Obtaining Possession of Rented Property

A landlord wishing to recover possession of his property must follow the correct legal procedure. If he attempts to evict a tenant otherwise, he may be guilty of a criminal offence and could be ordered to pay substantial damages.

Most private sector tenancies will be assured short-holds where there are two main routes to obtaining possession. Providing that the fixed term of the short-hold tenancy has expired, there is an automatic right to possession under Section 21 of the Housing Act 1988. Otherwise and where the contractual term in the tenancy agreement continues, possession can only be claimed under Section 8 of the Act on the basis of such things as rent arrears and antisocial behaviour. In either case, the tenant must usually be given two months written notice of the intention to re-gain possession.

If possession is being sought under Section 21, the two months written notice can be given during the fixed term but cannot expire before the end of the term. Section 8 applications for such as rent arrears can be made at any time and the notice given will depend upon the ground being used. Applications under section 8 must be made on the prescribed form which can be downloaded here.

There is no special prescribed form for giving notice under section 21 and simply needs to be in writing and specify the date on which possession is required. If the fixed term has expired the two months’ notice must expire on a rental due date.

If a tenant under an assured short hold tenancy does not leave by the date specified in the notice, it will be necessary to apply to the county court for a possession order. Where there is a written tenancy agreement, the process can be speeded up using the accelerated possession procedure and can be carried out online here. A disadvantage is that rent arrears cannot be claimed under the accelerated possession procedure, and if these are sought, normal possession proceedings must be issued. Here there will be a delay of between six and eight weeks before the application is heard and increased court costs are payable.

You can also apply online for possession under Section 8 using HMCTS Possession Claim Online Service. This allows you to monitor the progress of your claim and also claim rent arrears.

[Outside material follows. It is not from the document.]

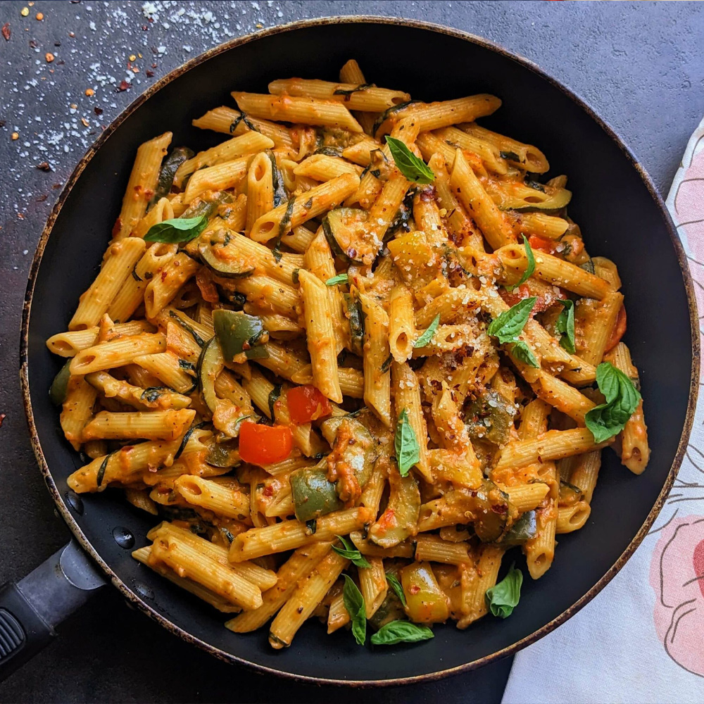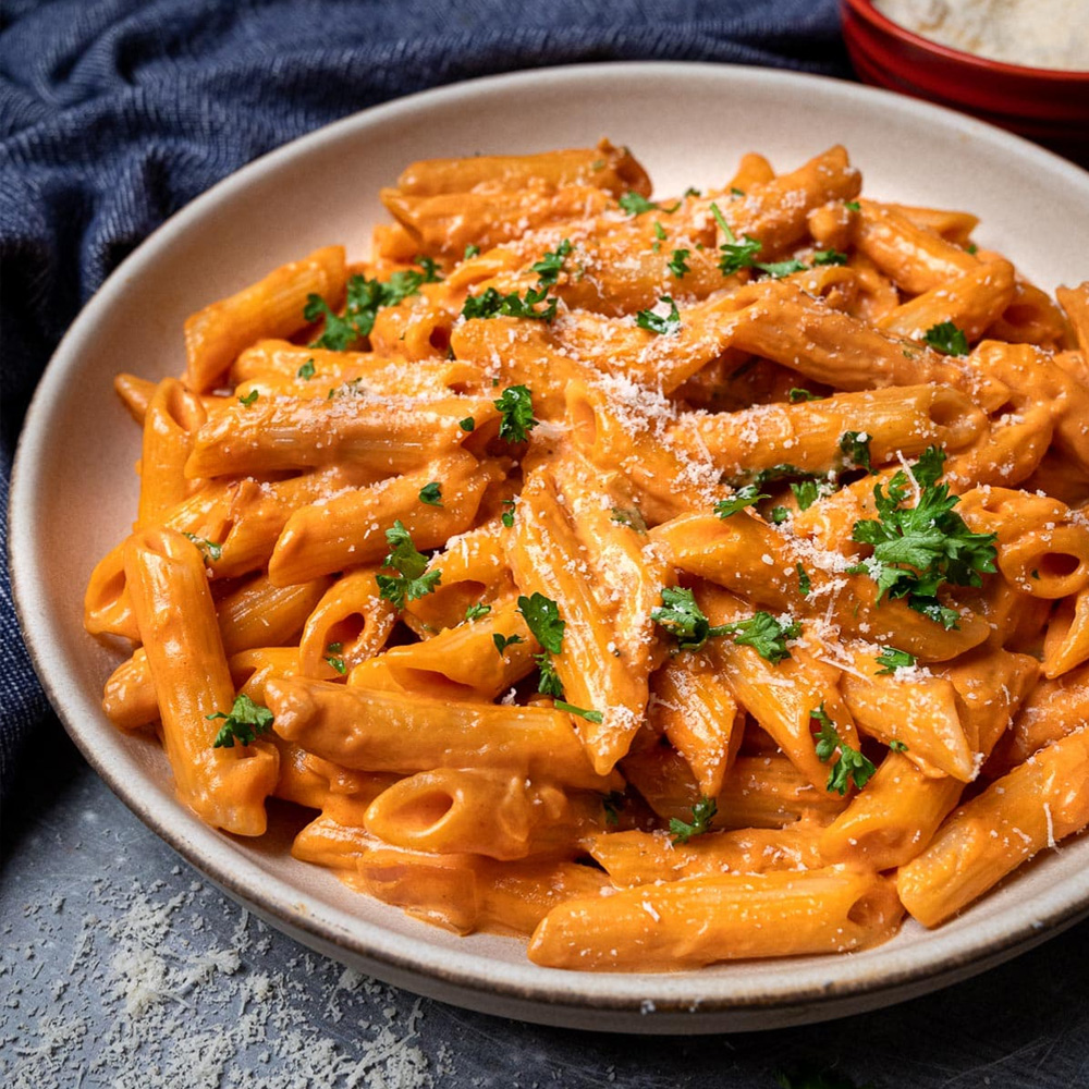 ۱۵۰ گرم پاستا پنه، ۱۵۰ گرم سینه مرغ تکه ای، قارچ، سس آلفردو، پنیر پارمسان

If, having obtained an order for possession, the tenant still does not leave the property, you will have to apply to the county court for a warrant of possession using the prescribed form. The court bailiff will then evict the tenant. The order for possession will specify a date on which the tenant must vacate, which will usually be 14 days after the making of the order, although the court has power to extend this period or make a conditional suspended possession order.